• **TASK TO COMPLETE**
Below are the records; extract from them the line containing "La súper banda, que" to the line containing "Scholz foli me", both lines included, exactly and with no pictures.

• **PROVIDED RECORDS**
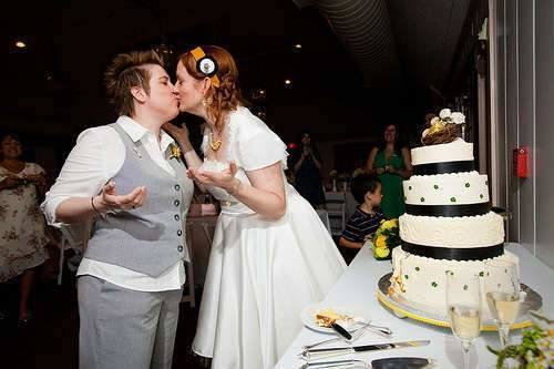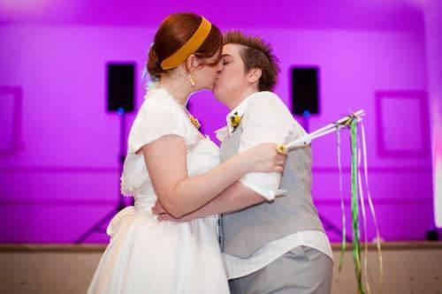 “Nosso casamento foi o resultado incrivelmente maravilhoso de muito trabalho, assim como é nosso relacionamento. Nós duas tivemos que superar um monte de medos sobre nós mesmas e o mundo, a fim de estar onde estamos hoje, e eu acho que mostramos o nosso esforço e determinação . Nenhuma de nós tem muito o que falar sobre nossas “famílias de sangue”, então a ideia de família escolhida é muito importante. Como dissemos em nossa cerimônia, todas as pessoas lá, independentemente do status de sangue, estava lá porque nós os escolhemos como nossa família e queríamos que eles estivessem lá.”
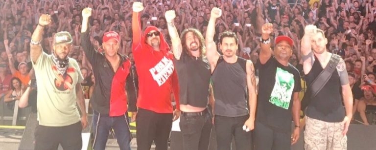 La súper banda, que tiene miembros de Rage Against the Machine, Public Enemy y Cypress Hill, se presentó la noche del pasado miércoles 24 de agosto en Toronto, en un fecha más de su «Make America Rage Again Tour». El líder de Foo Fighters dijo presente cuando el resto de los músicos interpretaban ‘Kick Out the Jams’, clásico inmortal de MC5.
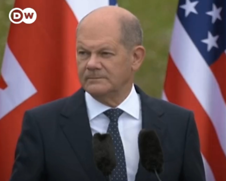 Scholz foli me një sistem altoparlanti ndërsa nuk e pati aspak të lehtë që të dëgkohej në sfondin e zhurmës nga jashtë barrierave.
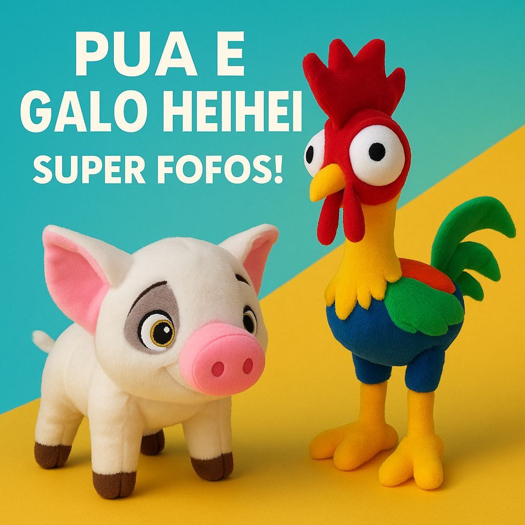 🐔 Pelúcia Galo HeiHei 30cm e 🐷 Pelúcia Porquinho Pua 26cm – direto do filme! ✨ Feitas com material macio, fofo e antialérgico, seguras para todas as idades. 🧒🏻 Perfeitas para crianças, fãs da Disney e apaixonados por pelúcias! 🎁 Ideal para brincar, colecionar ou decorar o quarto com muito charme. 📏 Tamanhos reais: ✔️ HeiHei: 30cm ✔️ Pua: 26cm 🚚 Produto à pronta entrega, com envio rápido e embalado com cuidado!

--

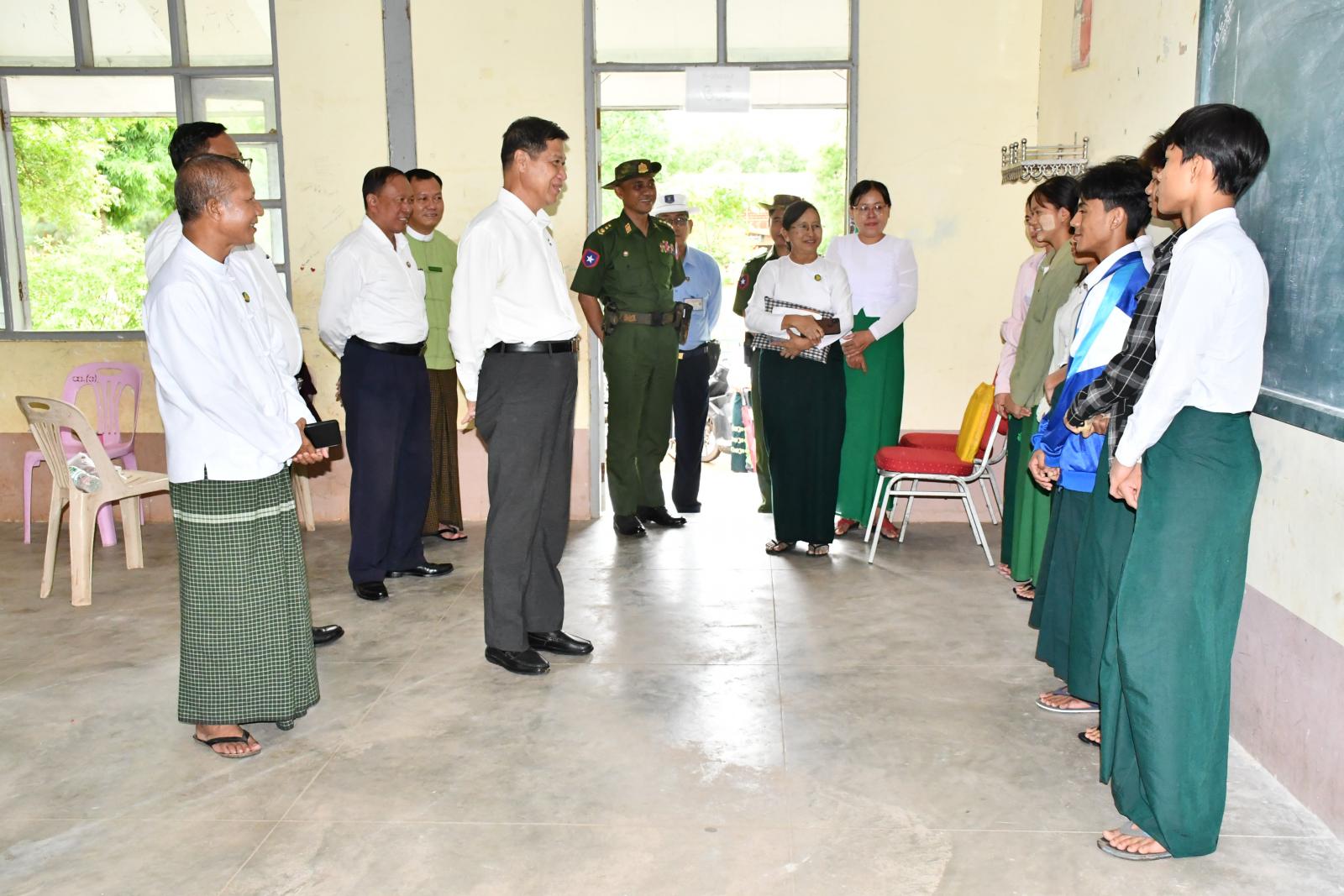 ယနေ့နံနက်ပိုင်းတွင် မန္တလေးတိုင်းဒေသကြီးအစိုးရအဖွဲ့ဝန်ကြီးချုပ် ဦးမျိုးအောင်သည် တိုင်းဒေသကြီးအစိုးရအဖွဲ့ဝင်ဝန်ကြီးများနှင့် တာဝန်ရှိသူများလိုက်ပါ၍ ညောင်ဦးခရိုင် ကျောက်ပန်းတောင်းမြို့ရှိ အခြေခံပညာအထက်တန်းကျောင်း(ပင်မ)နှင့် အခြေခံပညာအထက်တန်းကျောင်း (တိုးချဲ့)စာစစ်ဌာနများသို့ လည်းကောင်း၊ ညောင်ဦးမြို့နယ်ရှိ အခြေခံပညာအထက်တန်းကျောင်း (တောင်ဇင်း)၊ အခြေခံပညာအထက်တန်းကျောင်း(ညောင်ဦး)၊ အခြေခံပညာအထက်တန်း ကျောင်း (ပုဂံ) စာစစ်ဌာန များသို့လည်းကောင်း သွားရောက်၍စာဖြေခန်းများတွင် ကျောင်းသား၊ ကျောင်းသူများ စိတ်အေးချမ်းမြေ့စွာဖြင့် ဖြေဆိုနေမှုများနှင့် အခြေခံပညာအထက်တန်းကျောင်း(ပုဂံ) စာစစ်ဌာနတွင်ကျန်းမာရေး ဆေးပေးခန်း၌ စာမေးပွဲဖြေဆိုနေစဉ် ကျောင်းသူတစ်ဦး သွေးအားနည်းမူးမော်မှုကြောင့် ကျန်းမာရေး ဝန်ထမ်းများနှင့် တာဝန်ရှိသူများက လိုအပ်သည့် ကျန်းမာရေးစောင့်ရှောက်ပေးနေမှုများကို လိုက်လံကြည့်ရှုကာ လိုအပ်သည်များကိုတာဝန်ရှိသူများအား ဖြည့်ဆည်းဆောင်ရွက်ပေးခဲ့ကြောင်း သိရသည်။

--

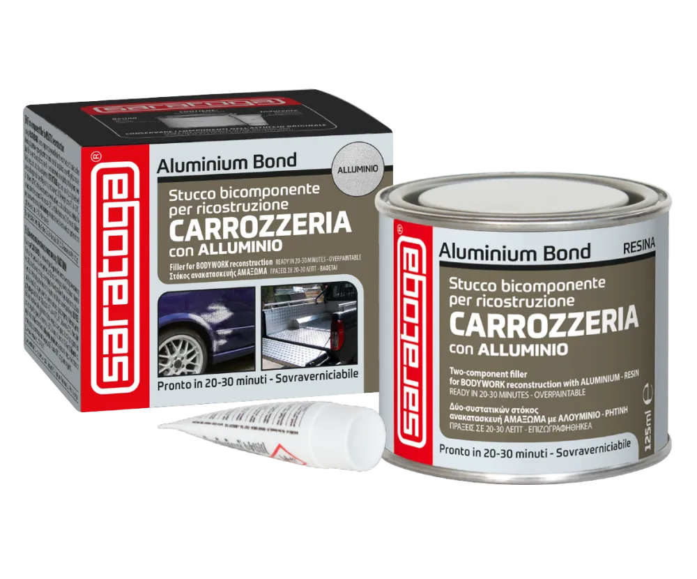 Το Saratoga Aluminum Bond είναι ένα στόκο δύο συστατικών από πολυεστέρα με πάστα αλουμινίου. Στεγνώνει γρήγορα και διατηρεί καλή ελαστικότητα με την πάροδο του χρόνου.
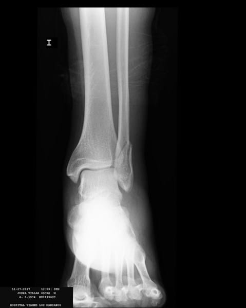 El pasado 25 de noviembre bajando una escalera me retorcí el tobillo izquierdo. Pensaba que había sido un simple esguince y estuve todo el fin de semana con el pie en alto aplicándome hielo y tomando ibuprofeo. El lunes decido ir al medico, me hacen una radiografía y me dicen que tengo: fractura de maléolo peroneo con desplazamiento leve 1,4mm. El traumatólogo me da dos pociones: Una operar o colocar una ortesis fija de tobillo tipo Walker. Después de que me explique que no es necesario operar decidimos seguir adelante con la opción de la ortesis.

• **SOLUTION FOR THIS PROBLEM**
 La súper banda, que tiene miembros de Rage Against the Machine, Public Enemy y Cypress Hill, se presentó la noche del pasado miércoles 24 de agosto en Toronto, en un fecha más de su «Make America Rage Again Tour». El líder de Foo Fighters dijo presente cuando el resto de los músicos interpretaban ‘Kick Out the Jams’, clásico inmortal de MC5.
 Scholz foli me një sistem altoparlanti ndërsa nuk e pati aspak të lehtë që të dëgkohej në sfondin e zhurmës nga jashtë barrierave.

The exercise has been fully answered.